Ii. main security issues left over by traditional firewalls

No one suspects that the firewall occupies the first place in all security device purchases. But the traditional firewall does not solve the network main security problem. The three main problems of network security today are network attacks with denial of access (DDOS) as the primary purpose, virus propagation with worm (worm) as its main representative, and content control based on spam e-mail (SPAM). These three security issues occupy more than 90% of the network security issues. And these three big problems, not smart firewall can do nothing.

According to a joint report by the Federal Bureau of Investigation (FBI) and the Computer Crime Investigation Agency (CSI) in 2003, more than 50% of respondents admitted being subjected to a denial of access attack and 80% of respondents were attacked by the virus. Spam emails are more rampant, and IDC estimates that by 2006, the world will send more than 20 billion spam messages a day.

Can the traditional firewall solve the above three problems? The answer is in the negative. The reason has three, one is the traditional firewall's computational ability limit. The traditional firewall is at the cost of high strength inspection, the higher the strength of the inspection, the greater the cost of calculation. The second is the traditional firewall access control mechanism is a simple filtering mechanism. It is a simple conditional filter that does not have intelligent capabilities to resolve complex attacks. The third is that traditional firewalls cannot distinguish between good and malicious behavior. This feature determines that the traditional firewall does not resolve malicious attack behavior.

Traditional firewall manufacturers argue that these three issues should not be resolved by firewalls. But user surveys show that more than 80% of users advocate firewalls to help them solve these three major problems.
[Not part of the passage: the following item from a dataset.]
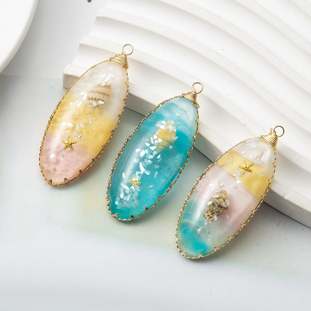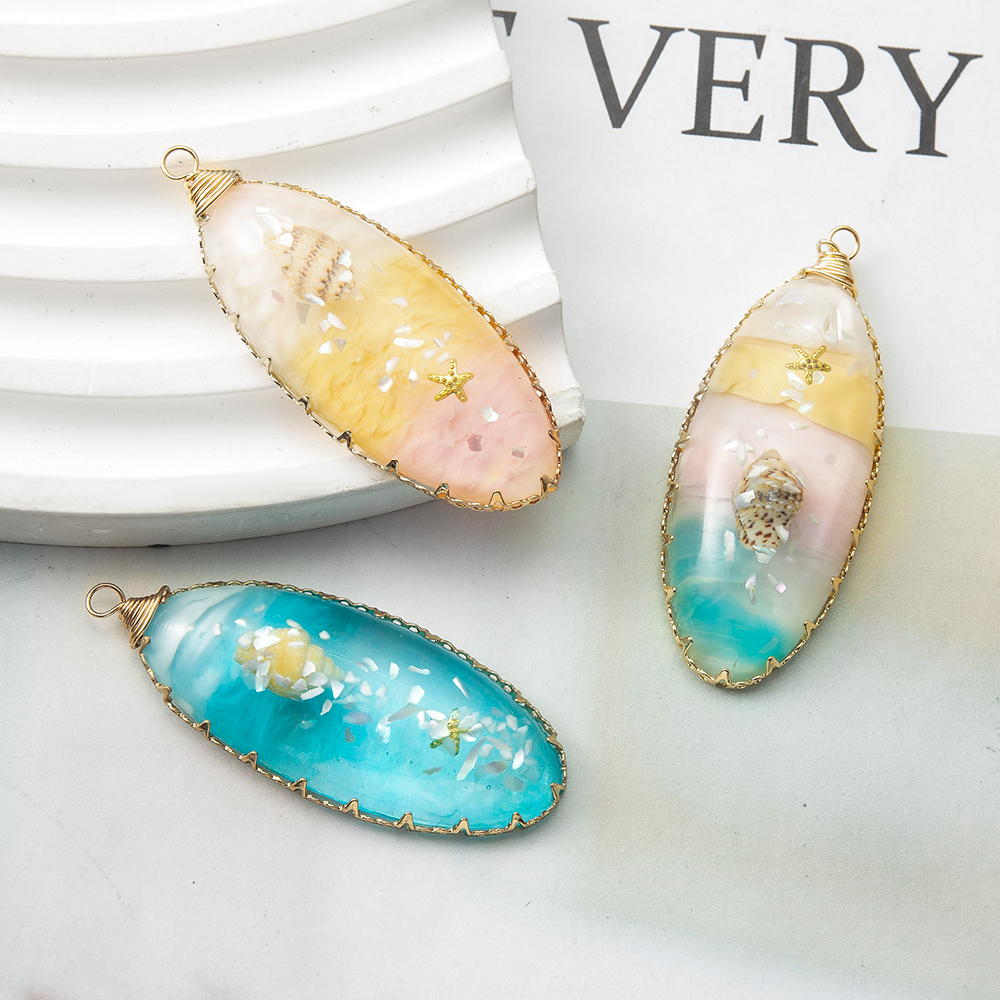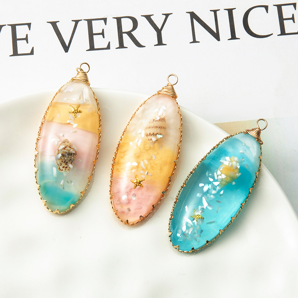 Pendentifs en Résine laiton , avec Fleurs séchées & résine, Placage, DIY & autocollant époxyde, plus de couleurs à choisir, 20.5x7.7x52.3mm, Vendu par PC

Third, the next generation of intelligent firewall

The smart Firewall is relative to the traditional firewall, as the name suggests, smarter and more intelligent. Many users are very receptive to the concept of intelligent firewall, in their eyes, not smart is not reliable insecure, find a smart bodyguard, you feel safe? The traditional firewall exists many problems, the user is often difficult to understand. Users often ask why firewalls do not prevent hackers from attacking. Security experts use recorded data to analyze, at a glance to find the hacker's attack, why firewall not? The reason is that the traditional firewall is a simple mechanism for the implementation of mechanical security policy.

The intelligent firewall from the technical characteristic, is uses the statistical, the memory, the probability and the decision intelligent method to identify the data, and achieves the access control the goal. The new mathematical method eliminates the massive computation required by the matching inspection, discovers the characteristic value of the network behavior efficiently, and directly carries on the access control. Because these methods are mostly used in the artificial intelligence discipline, it is also called the Intelligent firewall.

A typical example can illustrate how important smart firewalls are to network security. The traditional firewall to check the package, just like the recognition of human appearance, using image recognition. Converts a person's appearance into an image, remembers each pixel of the image, and then checks for a match. By checking on thousands of pixels, tell you who this is. That's not how people recognize their looks. Who can identify you in real time with little calculation? This is intelligent recognition. The intelligent firewall can easily find the characteristic value of network behavior to identify the network behavior without massive computation, so it is easy to perform the access control.